Incompletos. Nascemos assim. E temos a péssima mania de acharmos que não, somos um todo coeso, vivo e independente.

Independência. Afinal de contas, quem foi o narcisista que inventou este conceito? Um tanto utópico, diria que é uma filosofia Matrix. Isso mesmo, porque a maior parte do mundo em que vivemos é um outro inventado por nossos próprios conceitos, e pela leitura distorcida que fazemos da realidade. Adoramos os mundos paralelos, só nossos, moldados à nossa imagem e semelhança.

Não somos independentes. Nem completos. Sozinhos somos parte. Parte de um todo maior, mais complexo, e por isso mesmo, mais rico. Sozinhos somos apenas parte, pedaço, não inteiro, defeituoso e inútil. Qual a função da parte, a não ser fazer parte, pertencer?
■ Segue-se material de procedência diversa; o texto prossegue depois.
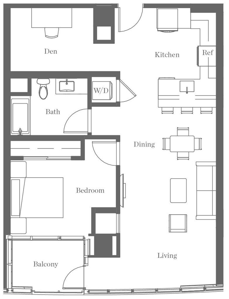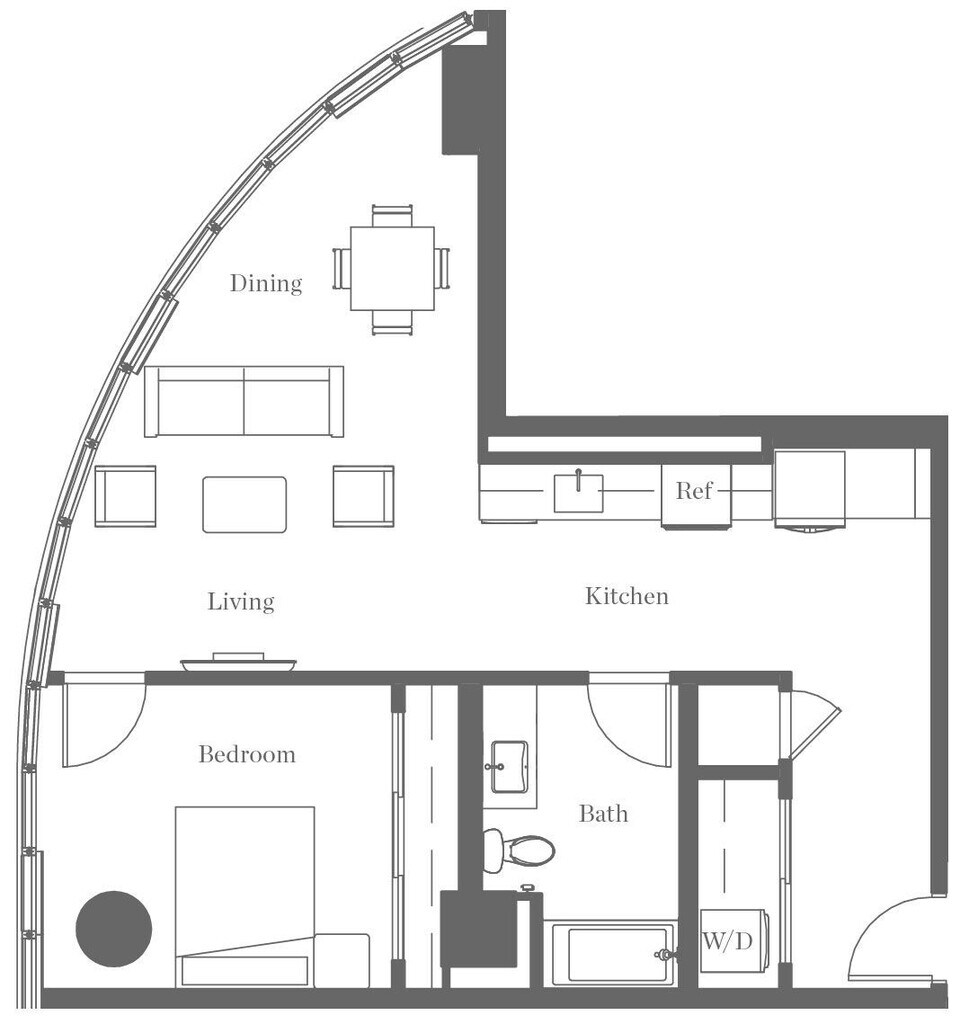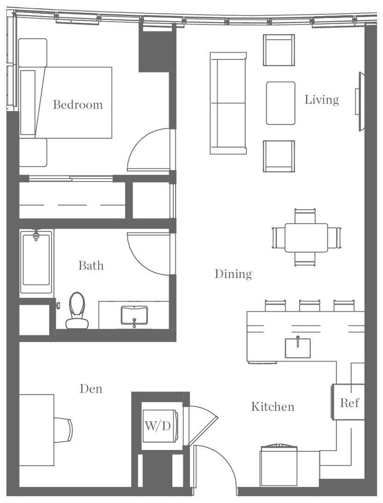 Estudio, 1 Baño, 684 pies²Disponible AhoraGalería del Modelo

Mas isto é o tomar consciência de algo com o qual nossa natureza narcísica entra em choque. Primeiro é preciso humildade. Não é muito fácil admitir que o universo não gira ao nosso redor, nós que giramos com ele. Ele não existe para nós, fazemos parte de suas engrenagens, apenas. Segundo, é preciso coragem para admitir nossa vulnerabilidade: o outro nos atinge, exatamente por não ser tão estranho a nós como imaginávamos; exatamente por nos ser complementar.

“Cara-metade”. Ô expressãozinha clichê! E falsa!! “Que calúnia... mal amada... nerdizinha revoltada da vida... pessimista!” Antes de ser apedrejada em praça pública, dai - me o direito de defesa.

Sim, é falsa. Porque não possuímos encaixe perfeito a nada nem a ninguém. E acreditar que sim também é narcísico. Que ousadia crer que um outro ser, tão complexo quanto você mesmo, será paralelo e complementar a você em todos os pontos! Também porque não somos uma peça imutável do quebra cabeça. Não somos os mesmos sempre. Não somos nem fixos, nem de papel.

Mas somos capacitados com poder cognitivo-passional. Somos capazes de construir mundos a partir do que temos. Somos capazes de viver Matrix conscientemente. Somos capazes de nos reinventar...e de escolher.

Ao nos perceber incompletos e carentes, buscamos o outro complementar. E quando cremos tê-lo encontrado, promulgamos pactos. De individualidade, de fidelidade, de sinceridade, de exclusividade, de permanência. E de fato, acabamos por crer na expressão clichê citada, e sorrimos por isso.

Mas o tempo, dádiva divina aos mortais incompletos em construção, um dia, a uns de forma cruel, a outros de maneira mais mansa, ensina a verdade que agora defendo: nada completa ninguém 100%, em 100% do tempo. O que fazer, então, se a essa altura, com compromissos selados e juras feitas, se descobre que o outro, a quem se prometeu ser metade, não é tão complementar como se imaginava? O que fazer quando percebemos que o outro não é feito à nossa imagem e semelhança, não responde às nossas expectativas fantasmas, nem cabe dentro de nossos castelos de areia?

Na maioria das vezes, perceber tal verdade é o golpe de estado que destrói todas as regras vigentes até então. Declaramos o estado de sítio nas relações e, em nome de um bem maior, anulamos todos os direitos conquistados. As promessas, alianças, compromissos são desfeitos num passe de mágica em nome da “felicidade”. Afinal, aprendemos em Matrix que “o importante é ser feliz”. Mesmo que nossa felicidade esteja fundamentada em conceitos virtuais, princípios “laranja”.

Nem nos preocupamos com o fato de que ser metade de alguém, ou fazer parte de algo, nos compromete. “Você é responsável por aquilo que cativa”. Se bem que, ser responsável, nos dias de hoje, está fora de moda. Mas isto é outra questão.

A questão aqui é amar um outro, complementar sim, mas não aos nossos moldes distorcidos, nem somente quando se encaixa em nossas expectativas egoístas. Amar por escolha deliberada e consciente de seus resultados e consequências. Ver a beleza de ser um pouco mais completo a partir de um outro, tão incompleto quanto. Ver a beleza de não ser plenamente metade, mas ainda assim completar. E ter o privilégio de ser eleita a metade faltante em outro alguém. Ter o privilégio de pertencer.

Conto nos dedos das mãos o número de pessoas que foram humildes o suficiente para admitir essa verdade, e para pagar o preço para vivê-la: amar o outro que nos faz metade de si, mesmo que não seja pleno...nem perfeitamente complementar ao nosso molde. E sorrir por isso.